- WORK ORDER -
Find the line with "Forno Tandoor elettrico" in the records below. Output exactly from there until after the line with "Tmavomodré propínací košilové", without pictures.

- RECORDS SHOWN -
• • •
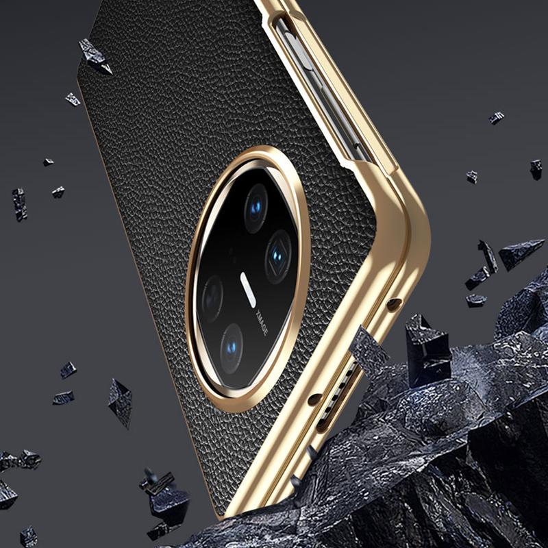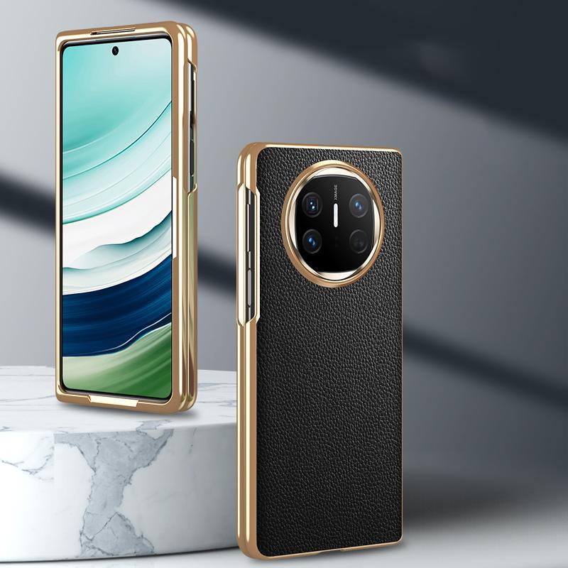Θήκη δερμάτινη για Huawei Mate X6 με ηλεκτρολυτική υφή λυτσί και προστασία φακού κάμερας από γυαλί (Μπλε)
• • •
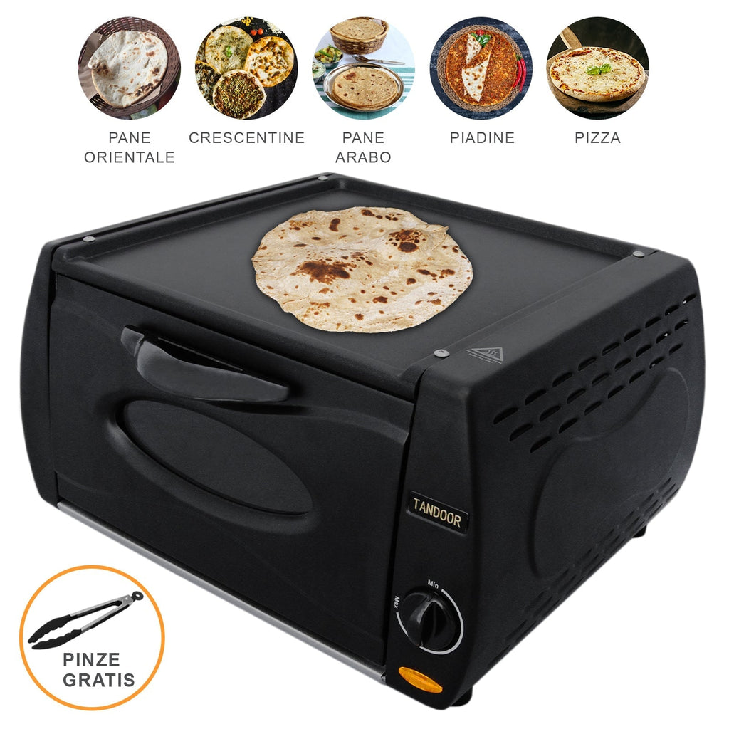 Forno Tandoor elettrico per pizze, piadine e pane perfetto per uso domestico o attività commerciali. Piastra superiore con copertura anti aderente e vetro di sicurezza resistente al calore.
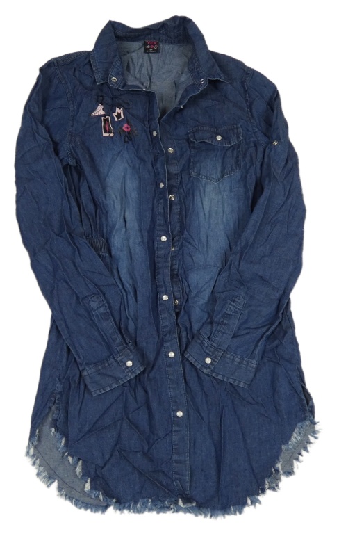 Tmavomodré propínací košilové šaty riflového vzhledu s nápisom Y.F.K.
• • •
- EXPECTED ANSWER -
 Forno Tandoor elettrico per pizze, piadine e pane perfetto per uso domestico o attività commerciali. Piastra superiore con copertura anti aderente e vetro di sicurezza resistente al calore.
 Tmavomodré propínací košilové šaty riflového vzhledu s nápisom Y.F.K.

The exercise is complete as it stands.